[Stored entries]
──────────────────────────────

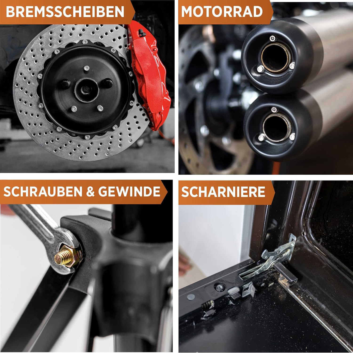 • Начин на употреба: нанесете медната грес върху почистените повърхности с четка или кърпа и разнесете равномерно. Не изисква време за излагане. Идеална като монтажна паста за ауспух, спирачни дискове, винтове, резби, панти и други части.
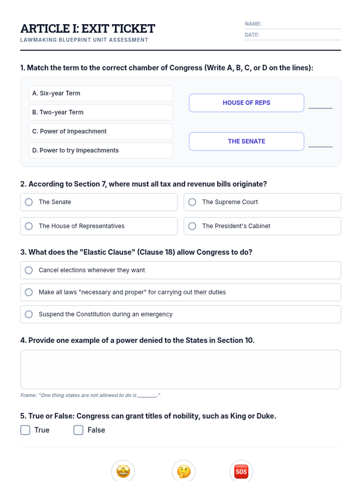 A 5-question formative assessment (exit ticket) for Article I of the Constitution, featuring matching, multiple-choice, and short-answer questions with integrated scaffolding.
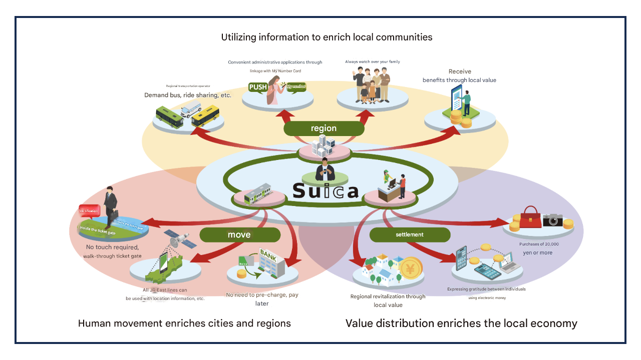 - JR East Group, through "Suica Renaissance" announced last December, is evolving Suica from a "device for transportation and small payments" into a "device for daily life" that connects with customers' and communities' various lifestyles.
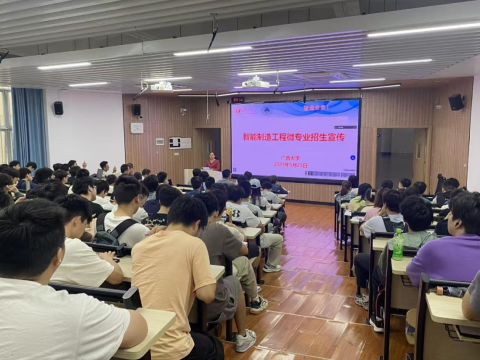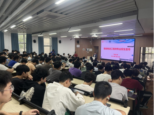 2025年5月25日上午,英国365官网在第十教学楼10A-101教室召开《智能制造工程》微专业招生宣传会,会议邀请了教务处谢健副处长、兄弟学院副院长、北京华航唯实机器人科技股份有限公司、国投融合科技股份有限公司、海尔智家股份有限公司等合作企业参加,会议由学院党委副书记黄路明主持,副院长李俚作总结讲话,院长助理项载毓老师做大会的技术支持,全校相关专业将近200名学生到现场参加招生宣传会。
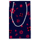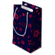 Pequeño papel de regalo azul oscuro y rojo Bolsa con estrellas pequeñas y flores de estilo geométrico para Año Nuevo o Navidades
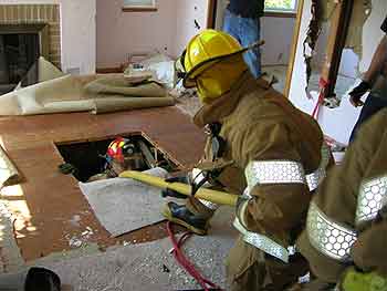 Once crews tried this maneuver, a charged hoseline was brought into the house. Firefighters were sent individually into the basement to try different ways out– a different way out than the first one with a rope loop. A charged hoseline was sent into the hole we had cut into the floor, nozzle-end first. The trapped firefighter was told to try to stand on the end of the nozzle with one foot on the bail and the other on the pistol grip. Holding on, the trapped firefighter told the crew to pull him up to the main floor. It was difficult to maintain balance; several firefighters slipped off the nozzle while training on this move.
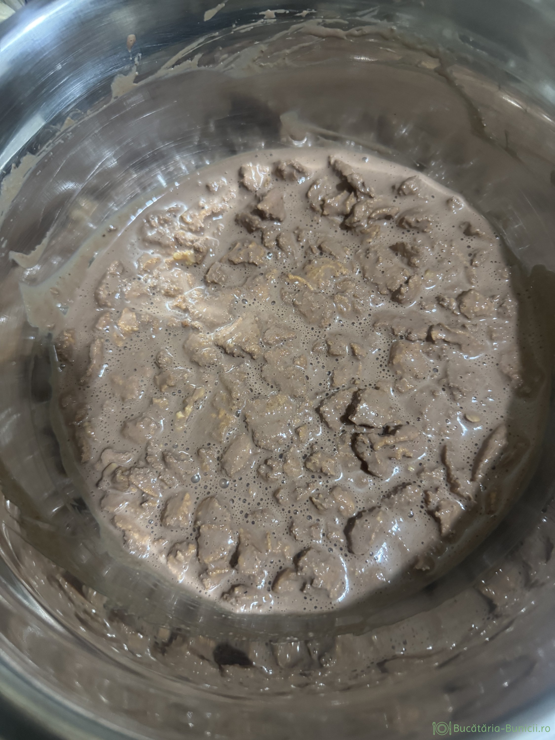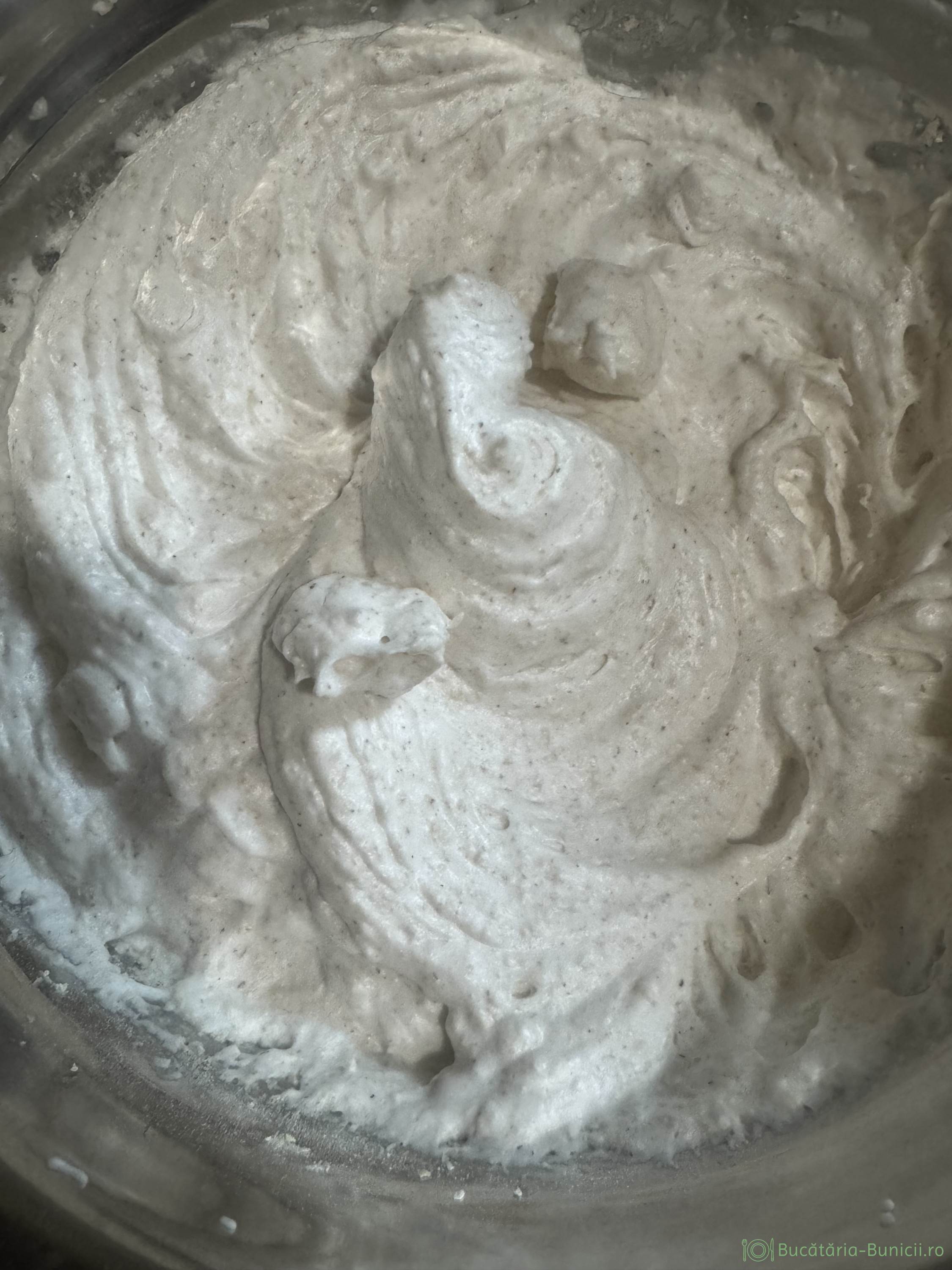 - În bezea se încorporează taratele măcinate, folosind mixerul la viteza cea mai mică.

──────────────────────────────

> **Activity**: Output the records above exactly, omitting the pictures.

> **Result for this exercise**:
 • Начин на употреба: нанесете медната грес върху почистените повърхности с четка или кърпа и разнесете равномерно. Не изисква време за излагане. Идеална като монтажна паста за ауспух, спирачни дискове, винтове, резби, панти и други части.
 A 5-question formative assessment (exit ticket) for Article I of the Constitution, featuring matching, multiple-choice, and short-answer questions with integrated scaffolding.
 - JR East Group, through "Suica Renaissance" announced last December, is evolving Suica from a "device for transportation and small payments" into a "device for daily life" that connects with customers' and communities' various lifestyles.
 2025年5月25日上午,英国365官网在第十教学楼10A-101教室召开《智能制造工程》微专业招生宣传会,会议邀请了教务处谢健副处长、兄弟学院副院长、北京华航唯实机器人科技股份有限公司、国投融合科技股份有限公司、海尔智家股份有限公司等合作企业参加,会议由学院党委副书记黄路明主持,副院长李俚作总结讲话,院长助理项载毓老师做大会的技术支持,全校相关专业将近200名学生到现场参加招生宣传会。
 Pequeño papel de regalo azul oscuro y rojo Bolsa con estrellas pequeñas y flores de estilo geométrico para Año Nuevo o Navidades
 Once crews tried this maneuver, a charged hoseline was brought into the house. Firefighters were sent individually into the basement to try different ways out– a different way out than the first one with a rope loop. A charged hoseline was sent into the hole we had cut into the floor, nozzle-end first. The trapped firefighter was told to try to stand on the end of the nozzle with one foot on the bail and the other on the pistol grip. Holding on, the trapped firefighter told the crew to pull him up to the main floor. It was difficult to maintain balance; several firefighters slipped off the nozzle while training on this move.
 - În bezea se încorporează taratele măcinate, folosind mixerul la viteza cea mai mică.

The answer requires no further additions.